At magnitude 11.6, NGC 1275 is the brightest of the group and lies physically near the core of the cluster. Glimpsed in scopes as small as 150 mm aperture, NGC 1275 is a strong radio source and an active site of rapid star formation. Images of the galaxy show a strange blend of a perfect spiral being shattered by mottled turbulence. For this reason NGC 1275 is thought to be two galaxies in collision.
Depending on seeing conditions and aperture, galaxy cluster Abell 426 may reveal anywhere from 10 to 24 small galaxies as faint as magnitude 15. The core of the cluster is more than 200 million light-years away, so it’s an achievement to spot even a few!

Thursday, March 2 – Tonight the Moon appears as a very slender crescent setting to the west in Pisces. This lunar apparition looks very much like a pair of bright horns bearing a dark disk. Such a moon may have given rise to the ancient symbol associated with fertility goddesses originating in Egypt and Mesopotamia. Today we see it “as the old moon in the new moon’s arms.” To see this lunar phase is an Astronomical League challenge.

Skies darken early again tonight, so we’ll have a look at an open cluster easily seen in binoculars and well resolved in small scopes. Start at bright Castor and Pollux in Gemini and turn your eyes, binoculars, or finder scope almost due south to even brighter Procyon. Drop almost the same distance to Xi Puppis. Once you locate Xi, shift the scope or binoculars roughly one finger-width (two degrees) northwest. There you will see a hazy rectangular patch with a handful of barely resolvable stars in its midst – the open cluster M93.
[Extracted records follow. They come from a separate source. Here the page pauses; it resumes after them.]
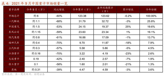 季度来看,三季度销量不到19万辆,同比下滑55%。1-9月累计销量增速出现由正转负的拐点。今年1-9月我国重卡市场累计销量约123.4万辆,同比下降0.2%,相比1-8月的8.1%增幅缩窄了8.3个百分点。在经过连续五个月的不断“缩窄”后,重卡市场累计销量首次出现同比下降。
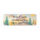 This mailing label design features a stunning winter wonderland scene crafted in a delicate paper-cut style. Softly layered evergreen trees and puffy clouds create a peaceful, festive landscape. The elegant blend of white and cream tones adds depth and warmth, making it perfect for holiday mailings, winter weddings, or seasonal correspondence. A serene and artistic touch for any envelope or package.
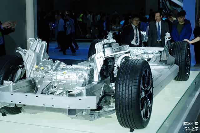 ↑NIO ES8车型前后轴双电机布置(摄于2017年上海车展)
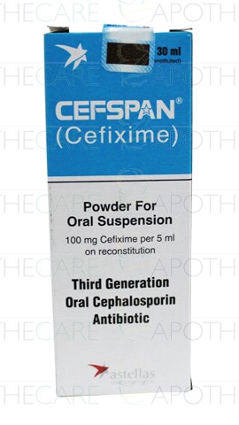 Product Name: Cefspan Susp 100mg/5ml 30mlProduct Form: SuspensionPack Size: 30mlMarketed By: BARRETT HODGSON PAKISTAN (PVT) LTDGeneric Category: Cephalosporin AntibioticIngredients: Cefixime
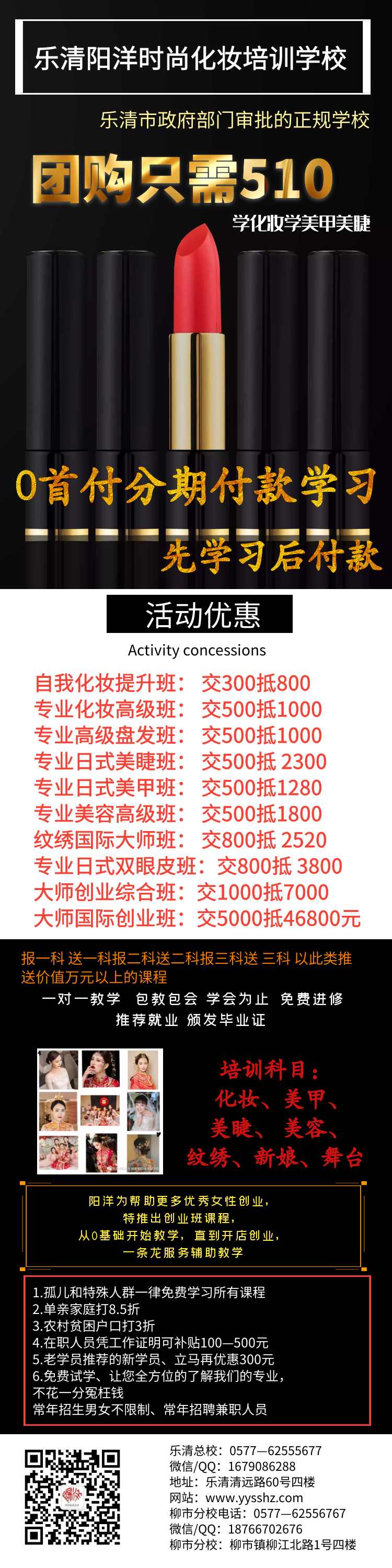 - 樂清陽洋化妝培訓學校喊你來砸金啦!你還在等什么?
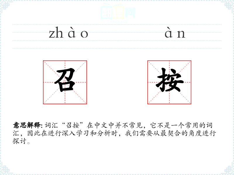 “召按”这个词汇的字面意思和基本含义并不明确,因为它不是一个标准的现代汉语词汇。在古代汉语中,“召”通常指召唤、召集,而“按”可以指按压、按照等。但将这两个字组合在一起,其具体含义需要结合具体语境来理解。
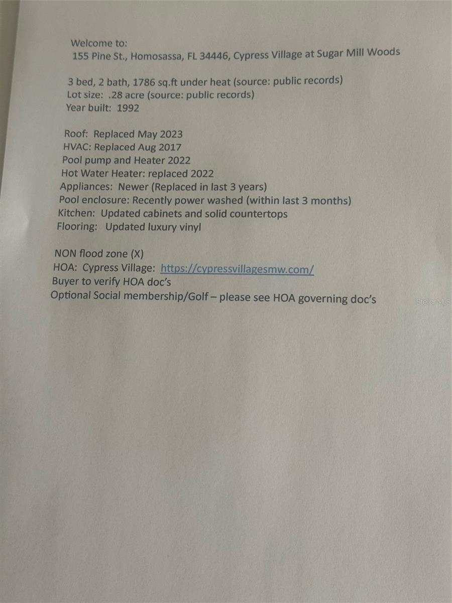 New Listing Price! Welcome to your Florida sanctuary at 155 Pine St., Homosassa, FL 34446, nestled in the desirable deed-restricted community of Sugarmill Woods–Cypress Village. This immaculate one-story pool home offers the perfect blend of comfort, style and outdoor living. 3 spacious bedrooms & 2 full baths in a thoughtful split-floor-plan design, providing privacy and convenience. Approximately 10 mins drive to the Nature Coast amenities such as Old Town Homosassa waterfront restaurants/activities Crystal River, which leads to the Gulf. All without being in a flood zone. Approximately 1, 786 sq ft of living space on a 0.28-acre lot. Property Highlights Bedrooms: 3 Bathrooms: 2 Living Area: Approx. 1, 786 sq ft Lot Size: 0.28 acres Year Built: 1992 Construction: Concrete block/stucco Garage: 2-car attached Vaulted ceilings and an open living area that seamlessly connect to the outdoor space. A stunning screened-lanai overlooking a heated in-ground pool and spa—imagine relaxing evenings, or sunny afternoons by the water. Recent upgrades: new roof (2023), hot water heater (2022), pool pump/heater and HVAC (2017) system updated, ensuring you can move in worry-free. Two-car attached garage, concrete driveway, and block/slab construction with stucco exterior—built in 1992 but expertly maintained. Located in a community that offers more than just a home: club house, community pool, fitness center, golf, shopping, restaurants—your Florida lifestyle awaits. Why You’ll Love It From the moment you arrive, the serene greenbelt-backed yard sets the stage for laid-back Florida living. Inside, the layout flows effortlessly: warm luxury-vinyl plank flooring throughout, sliding glass doors that expand your living space outdoors, and a kitchen updated with solid surface counters and modern touches. The primary suite includes a walk-in closet and views of the lanai and pool. Step outside to your screened oasis—your own personal retreat. Whether it’s a morning coffee by the spa’s gentle waterfall sound or a sunset swim, the outdoor ambiance is exceptional. The home’s upgrades and low-maintenance points make it ideal whether you’re full-time or enjoying part-time Florida living. Located in Homosassa and just minutes from the Gulf Coast, this address gives you easy access to nature, water recreation, and the laid-back Citrus County vibe. Whether you’re scalloping, manatee-spotting, or enjoying the nearby beaches, living here means embracing the best of Florida’s lifestyle. Built in 1992, low yearly HOA dues, optional Social club, golf, pool membership Move-in ready, upgraded systems Make This Home Yours Today! Don’t miss the chance to own a beautifully maintained pool home in one of the area’s most sought-after communities. Schedule a showing today and experience the indoor-outdoor Florida lifestyle that awaits! Some photos have been virtually staged.
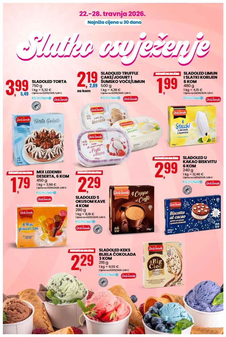 22.-28. travnja 2026. najniža cijena u 30 dana 3 , 99 5,49 sladoled torta 750 g 1 kg = 5,32 € cijena na 02/05/2025: 5,49 € 2 , 19 2,89 za kom sladoled truffle cake/jogurt i šumsko voće/limun 500 g 1 kg = 4,38 € cijena na 02/05/2025: 2,89 € 1 , 99 ograničena količina sladoled limun i slatki korijen 6 kom 480 g 1 kg = 4,15 € cijena na 04/06/2025: 2,19 € 1 , 79 ograničena količina mix ledenih deserta, 6 kom 450 g 1 kg = 3,98 € cijena na 02/05/2025: 2,99 € 2 , 29 ograničena količina sladoled s okusom kave 4 kom 280 g 1 kg = 8,18 € cijena na 02/05/2025: 2,49 € 2 , 99 ograničena količina sladoled u kakao biskvitu 6 kom 240 g 1 kg = 12,46 € cijena na 24/03/2026: 2,99 € 2 , 29 ograničena količina sladoled keks bijela čokolada 3 kom 216 g 1 kg = 9,55 € cijena na 02/05/2025: 2,49 €

First cataloged by Charles Messier in March of 1781, this wonderfully bright grouping contains a broad range of stellar types among its 80 or so members. Even at a distance of 3500 light-years, binoculars reveal the cluster’s bright haze and sharply angular swatch of core stars and a scope will resolve it. Towards the center, a wedge-shaped collection of bright members congregate. At the heart of the wedge is an easy double star – with another echoing the pair to the west. The very brightest of these stars are young, hot, and blue with an overall stellar population similar to the Pleiades. How old you ask? A very young one million years.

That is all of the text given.